After the liberalization of Indian economy various reforms has been made in the insurance sector which has finally opened the gate of this industry for private sector companies. This has brought changes not only in the design of the products available in the market but also the manner in which they are marketed.There is a pragmatic change in the customization of latest products and services, regulatory norms, customer demographics, channels of distribution, greater use of information technology especially as a service facilitator. Even consumer preferences have been changing noticeably influencing the product mix offered by various public and private insurers. A vast potential exists in the Indian market as the demographic factors like average life p and standard of living are improving creating a demand for products that can offer protections and also double up investments of the customers.Also because of liberal government norms and India’s large population which now possess greater risk awareness, Indian insurance market has a global framework attracting major international insurance companies.
All these above mentioned factors are directly responsible for increased competition and shaping the overall insurance industry with new parameters. To harness the opportunities insurance companies must go close to the customers by expanding their distribution network. Insurance Distribution – A Micro ViewThe liberalization of the Indian insurance industry in the year 2000 led to the entry of private insurance companies with Multinational companies as their partners For them ,breaking the large agent led network of LIC which was enjoying the monopoly for decades was extremely tough. They decided to use aggressive advertising and promotional measures and also other untried distribution channels like having a tie-up with other financial service providers companies and use their distribution network instead of setting their own.According to the industry observers marketing, distribution and technical superiority were expected to be the decisive factors for success in the Indian insurance sector in future. Private insurers hoped to effectively leverage the strengths of these innovative marketing mix tools. A variety of distribution channels are currently being used in the market.
Direct Agents and company sales force dominated the market over years by building personal credibility and faiths in the minds of the clients.Bancassurance and broker led channels are of recent origin.
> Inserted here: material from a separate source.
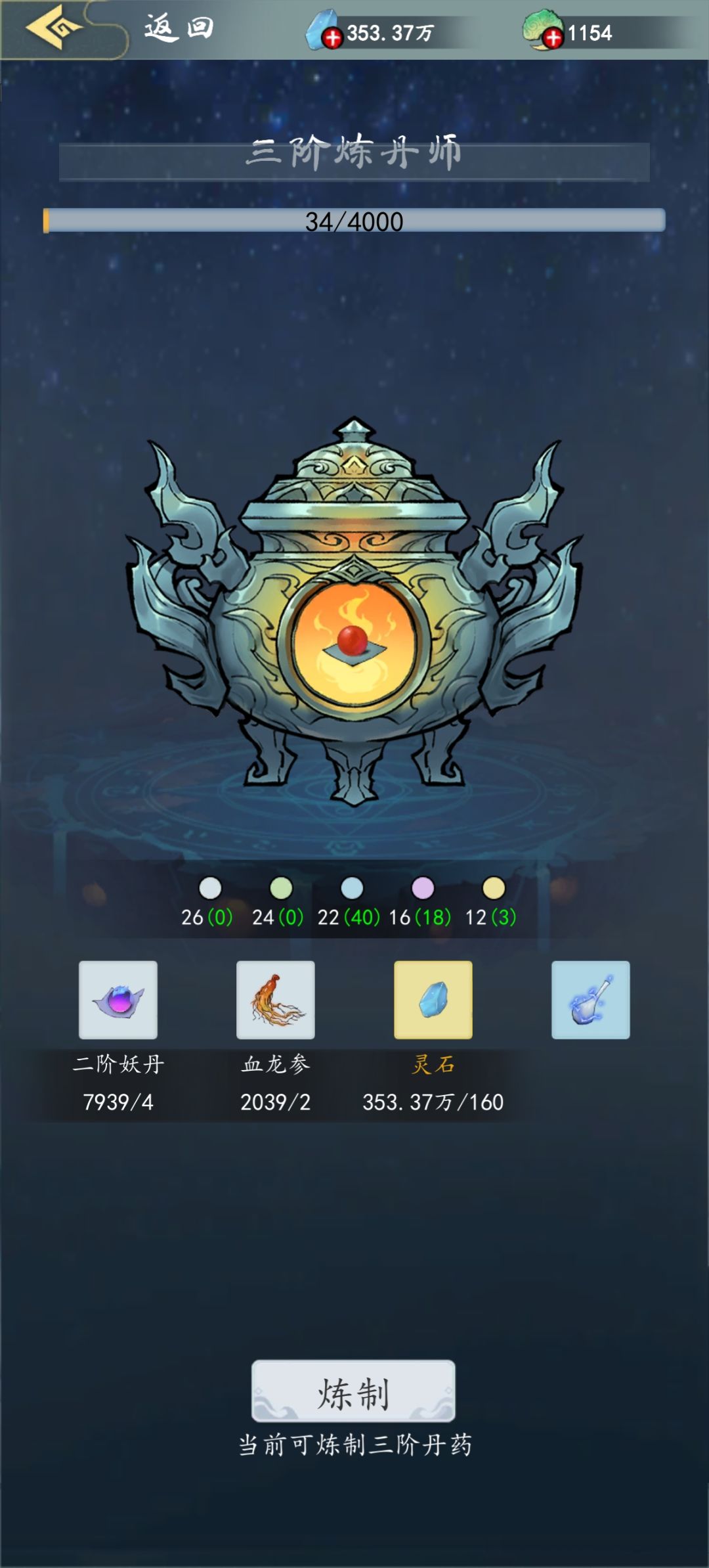 由于新版本等级升的很快,所以萌新要多注重炼丹炼器篇。 成就篇: 萌新进来就不要急着领取给骰子的成就奖励,留着,后面元婴再用。因为云游的奖励是随着境界的提升而提升的,前面的境界,一些奖励没解锁,都是用灵石替代,很浪费。 炼丹篇: 这个游戏炼丹很重要很重要,给的属性特别多,如果后面不想卡关就得炼。 炼丹只有到对应炼丹等级,坊市才会刷新对应等级的丹方,与境界无关。比如说化神对应五阶,如果你炼丹只有四阶,

Reaching out to bank’s existing customers would be very convenient and easy for the bank already had a well established relationship with their customers. They are well familiar with the target customers needs; had a strong service delivery mechanism, good quality administration, complete integration of insurance and bank products and services, qualified personnel and an organized tracking system for reporting on agents time and the results of bank referrals.Broker led channels are also being reviewed by the IRDA (Insurance Regulatory and Development Authority) as they are having an unfavorable image. But the most talked about contemporary channel is the internet driven channel. The widespread diffusion of the Internet has created an explosion in the growth of electronics channels.
Almost every industrial sector is computerized now. Computers are reaching to even rural areas and its education is given high importance now. Though the level is still low Information Technology is radically changing the way business is done.Internet enables insurers achieve wider reach, maintain customer’s interest and provide 24 hours service to customers. It also helps in reduce costs, faster processing of transactions and improving purchase decision through organized information. However, the success of this channel depends largely on the consumer attitudes and preferences. Initially the internet was expected to have a major negative impact on the traditional agent–led channel.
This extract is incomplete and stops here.